DATA FOR THIS EXERCISE:
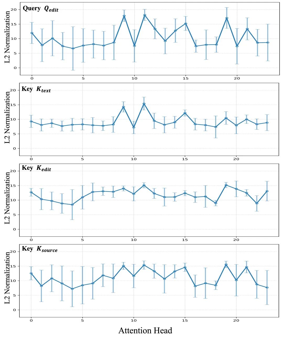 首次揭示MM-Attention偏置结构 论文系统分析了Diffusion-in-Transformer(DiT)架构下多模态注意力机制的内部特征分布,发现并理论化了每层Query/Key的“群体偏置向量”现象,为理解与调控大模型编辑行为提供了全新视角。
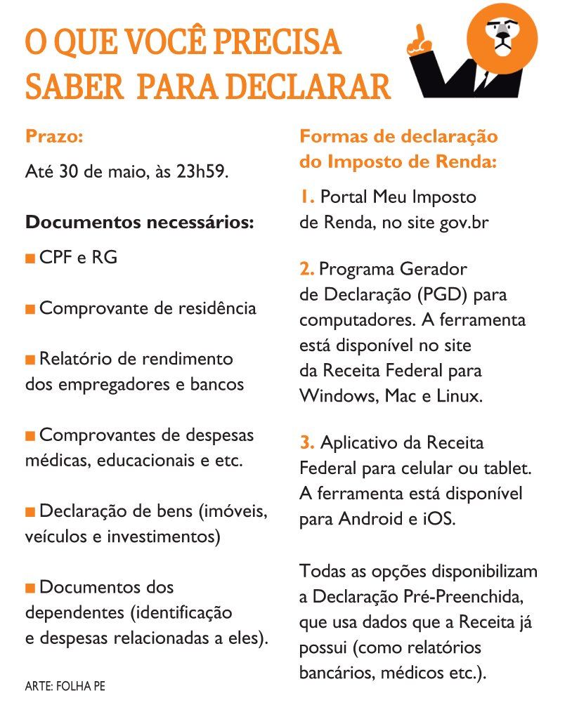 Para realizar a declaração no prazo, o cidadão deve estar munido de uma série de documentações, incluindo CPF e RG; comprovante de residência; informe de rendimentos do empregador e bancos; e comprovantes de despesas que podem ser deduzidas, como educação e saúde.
...
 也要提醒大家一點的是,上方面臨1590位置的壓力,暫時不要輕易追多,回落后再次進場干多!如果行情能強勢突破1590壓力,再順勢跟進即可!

INSTRUCTIONS TO FOLLOW:
A clean copy is needed of the lines in the listing above from the one with "首次揭示MM-Attenti" through the one with "Para realizar a", exact in every word and free of pictures.

ANSWER BOX:
 首次揭示MM-Attention偏置结构 论文系统分析了Diffusion-in-Transformer(DiT)架构下多模态注意力机制的内部特征分布,发现并理论化了每层Query/Key的“群体偏置向量”现象,为理解与调控大模型编辑行为提供了全新视角。
 Para realizar a declaração no prazo, o cidadão deve estar munido de uma série de documentações, incluindo CPF e RG; comprovante de residência; informe de rendimentos do empregador e bancos; e comprovantes de despesas que podem ser deduzidas, como educação e saúde.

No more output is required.